Sensory neurotoxicity is a major, dose-limiting side effect of cisplatin, and recovery from CDDP-induced neuropathy is often incomplete; persisting in up to 55% of patients, even years after the cessation of treatment19. CDDP-induced peripheral neuropathy is characterized by distal-to-proximal axonal degeneration. Although the exact mechanisms of axonal degeneration are still being examined, it likely utilizes molecular machinery common to what is in Wallerian degeneration. This assumption is based on several recent advances that showed that a key player of Wallerian degeneration, Sarm1, is also important in slow onset distal axonal degeneration due to several other chemotherapy drugs and metabolic syndrome17,18.

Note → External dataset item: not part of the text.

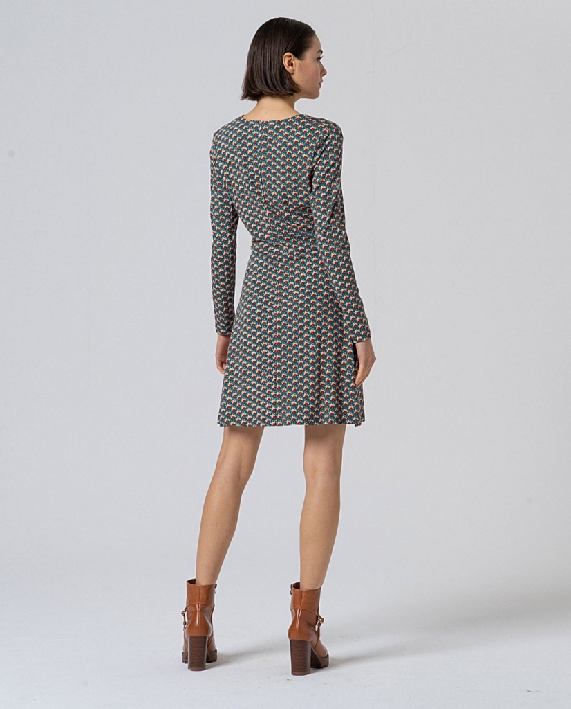 Robe courte à encolure croisée et taille froncée, dans un tissu doux et extensible qui s'adapte naturellement au corps. Son micro imprimé rétro et sa silhouette féminine en font un vêtement idéal pour toutes les occasions.

Similar to the observations in vincristine neuropathy17, paclitaxel neuropathy and high fat diet-induced neuropathy18, Sarm1−/− mice were resistant to development of CDDP-induced distal axonal sensory neuropathy as evidenced by lack of development of thermal hyperalgesia, reduction in sensory evoked response amplitude or epidermal innervation of the hind limb. The mouse model of CIPN that we used in this study faithfully replicates the early stages of peripheral neuropathy seen in patients where they exhibit painful distal paresthesias before they develop significant large fiber dysfunction such as balance issues or muscle weakness due to motor denervation. This, and other studies now confirm the key role Sarm1 plays in mediating axonal degeneration from multiple toxic and metabolic causes.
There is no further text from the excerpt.